Assigned task:
I need the records below restated word for word, without their pictures.

Input:
○ ○ ○ ○

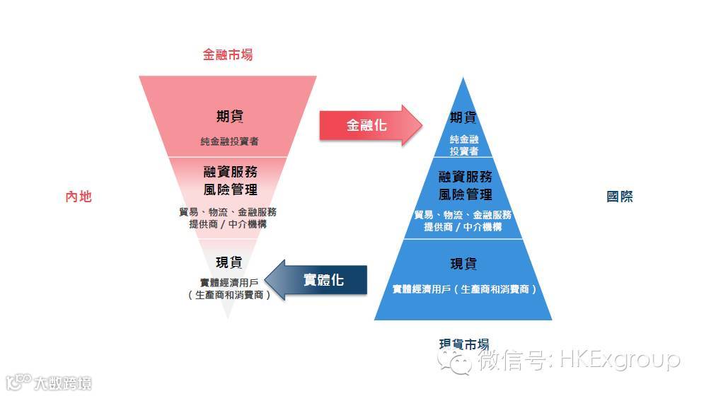 也许有朋友会问,香港发展商品业务为什么一定要去内地建现货平台而不是直接在香港做期货?香港一向缺乏商品交易的土壤,即使在收购了LME之后,香港交易所在亚洲时段也不具备上述三个层面中的任何一层。要构建一个稳固结实的商品金字塔,香港首先要做的是打地基——建现货交易平台,这有点类似当年香港先发展H股上市现货平台再开发股指期货。但香港面积有限,并不具备建设商品现货交易平台包括仓储物流系统的条件。与发展股票业务不同的是,大宗商品不会像H股上市公司一样自己可以主动“跑”来香港上市。我们必须去内地开创一个大宗商品的“IPO平台”。因此,有现货平台需求的内地成为香港交易所发展第一层与第二层市场的必然选择。
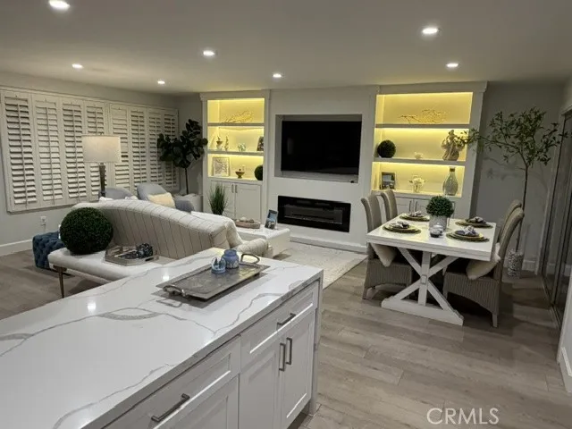 Welcome to this elegantly remodeled townhome in the prestigious senior community of Laguna Woods. This most sought-after "Valencia" single-level home features two bedrooms, two bathrooms, no one above and no one down, a private yard, detached carport, in-unit laundry, and a golf cart parking space. The home was newly updated with durable vinyl flooring throughout and has three independent heating and air conditioning units for zoned comfort, plus smooth ceilings. A spacious living area with a skylight provides abundant natural light. The kitchen offers custom cabinets and quartz countertops, and both bathrooms have been updated with new tile floors and wall tiles. Enjoy a private patio with a beautiful open view. Conveniently located between Gates 5 and 6 with plenty of guest parking. Come enjoy resort-style living with full amenities: two professional golf courses (one 27-hole and one 9-hole par-3 executive course), 24/7 security gates, three fitness centers, ten tennis courts, five pools, an equestrian center, performing arts theater, seven clubhouses, a library, and over 250 social clubs and activities. Shopping, restaurants, churches, and medical facilities are very close by.
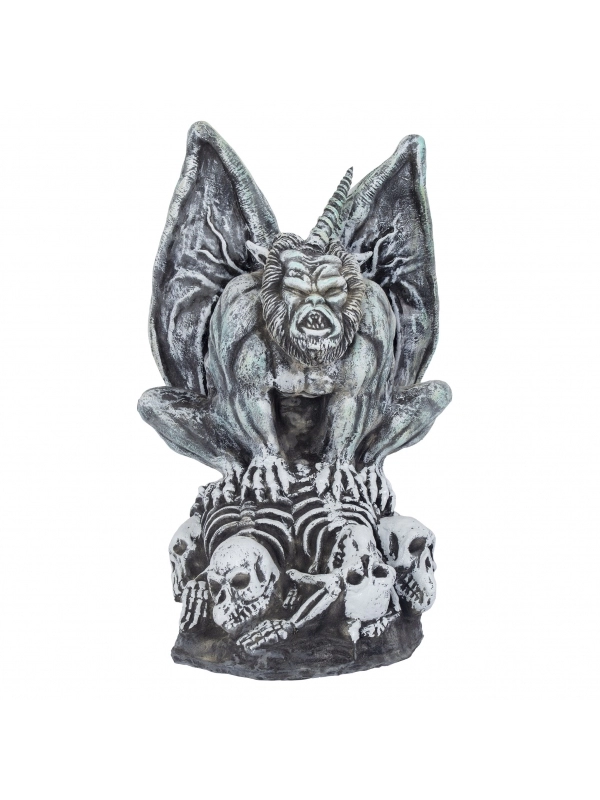 Gargouille monstre avec ailes, assis sur têtes de morts et ossements.
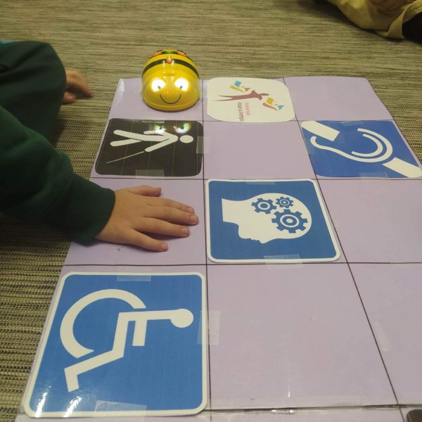 👩🦯👩🦯Η μέλισσα ρομπότ περνά από όλες τις εικόνες που συμβολίζουν τις διαφορές αναπηρίες.
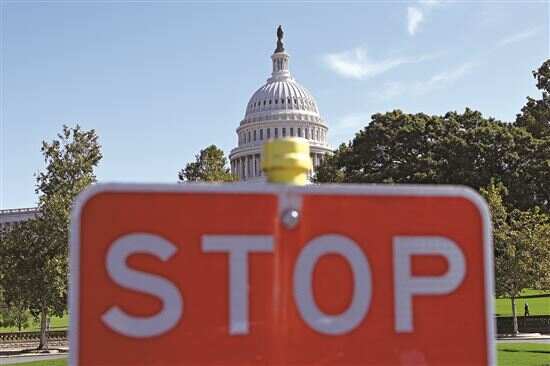 ■10月1日在美国华盛顿拍摄的美国国会大厦和交通标志。新华社发
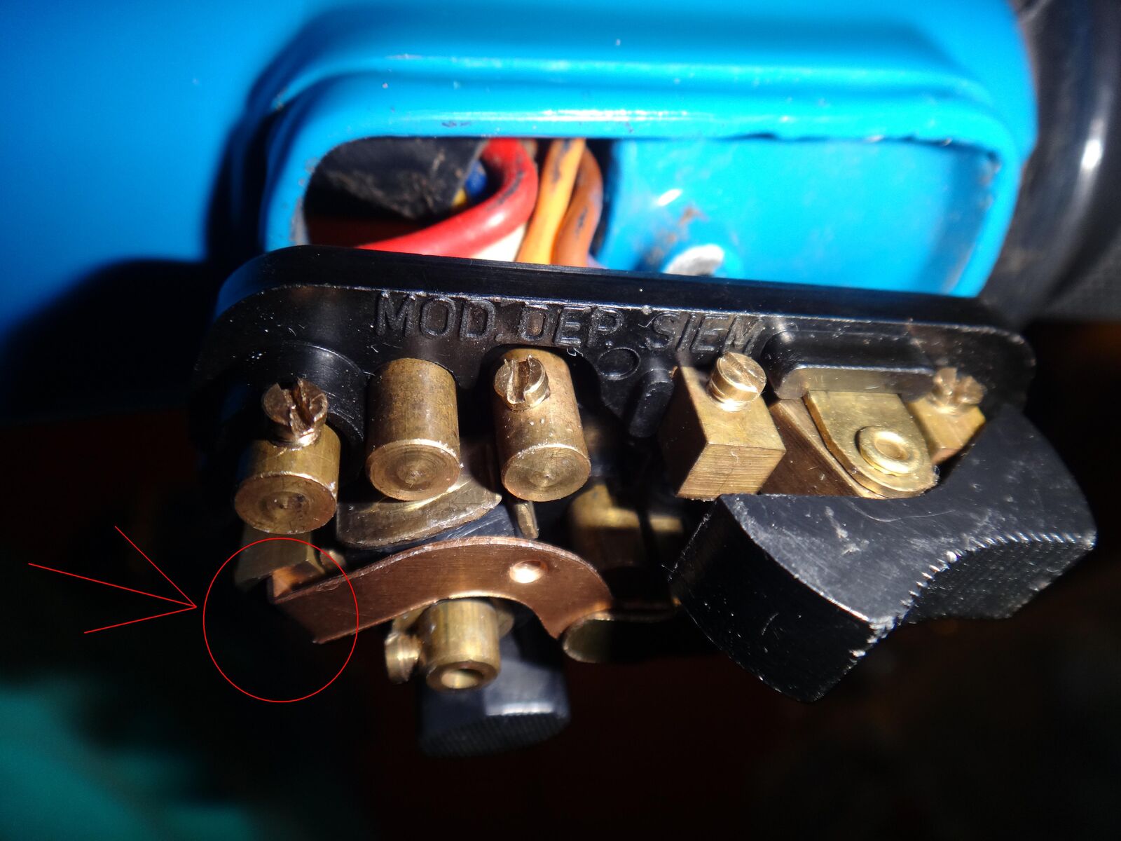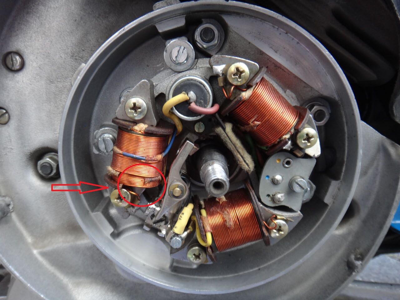 1. Ich habe die Widerstände der 3 Spulen der LIMA durchgemessen und jeweils einen kleinen Widerstand gemessen (um 2 Ohm). Die Spulen sowie die Kabel sind nach Augenprüfung in Ordung, bis auf ein abgebrochenes Isolatorstück (siehe Foto).

○ ○ ○ ○

Result:
 也许有朋友会问,香港发展商品业务为什么一定要去内地建现货平台而不是直接在香港做期货?香港一向缺乏商品交易的土壤,即使在收购了LME之后,香港交易所在亚洲时段也不具备上述三个层面中的任何一层。要构建一个稳固结实的商品金字塔,香港首先要做的是打地基——建现货交易平台,这有点类似当年香港先发展H股上市现货平台再开发股指期货。但香港面积有限,并不具备建设商品现货交易平台包括仓储物流系统的条件。与发展股票业务不同的是,大宗商品不会像H股上市公司一样自己可以主动“跑”来香港上市。我们必须去内地开创一个大宗商品的“IPO平台”。因此,有现货平台需求的内地成为香港交易所发展第一层与第二层市场的必然选择。
 Welcome to this elegantly remodeled townhome in the prestigious senior community of Laguna Woods. This most sought-after "Valencia" single-level home features two bedrooms, two bathrooms, no one above and no one down, a private yard, detached carport, in-unit laundry, and a golf cart parking space. The home was newly updated with durable vinyl flooring throughout and has three independent heating and air conditioning units for zoned comfort, plus smooth ceilings. A spacious living area with a skylight provides abundant natural light. The kitchen offers custom cabinets and quartz countertops, and both bathrooms have been updated with new tile floors and wall tiles. Enjoy a private patio with a beautiful open view. Conveniently located between Gates 5 and 6 with plenty of guest parking. Come enjoy resort-style living with full amenities: two professional golf courses (one 27-hole and one 9-hole par-3 executive course), 24/7 security gates, three fitness centers, ten tennis courts, five pools, an equestrian center, performing arts theater, seven clubhouses, a library, and over 250 social clubs and activities. Shopping, restaurants, churches, and medical facilities are very close by.
 Gargouille monstre avec ailes, assis sur têtes de morts et ossements.
 👩🦯👩🦯Η μέλισσα ρομπότ περνά από όλες τις εικόνες που συμβολίζουν τις διαφορές αναπηρίες.
 ■10月1日在美国华盛顿拍摄的美国国会大厦和交通标志。新华社发
 1. Ich habe die Widerstände der 3 Spulen der LIMA durchgemessen und jeweils einen kleinen Widerstand gemessen (um 2 Ohm). Die Spulen sowie die Kabel sind nach Augenprüfung in Ordung, bis auf ein abgebrochenes Isolatorstück (siehe Foto).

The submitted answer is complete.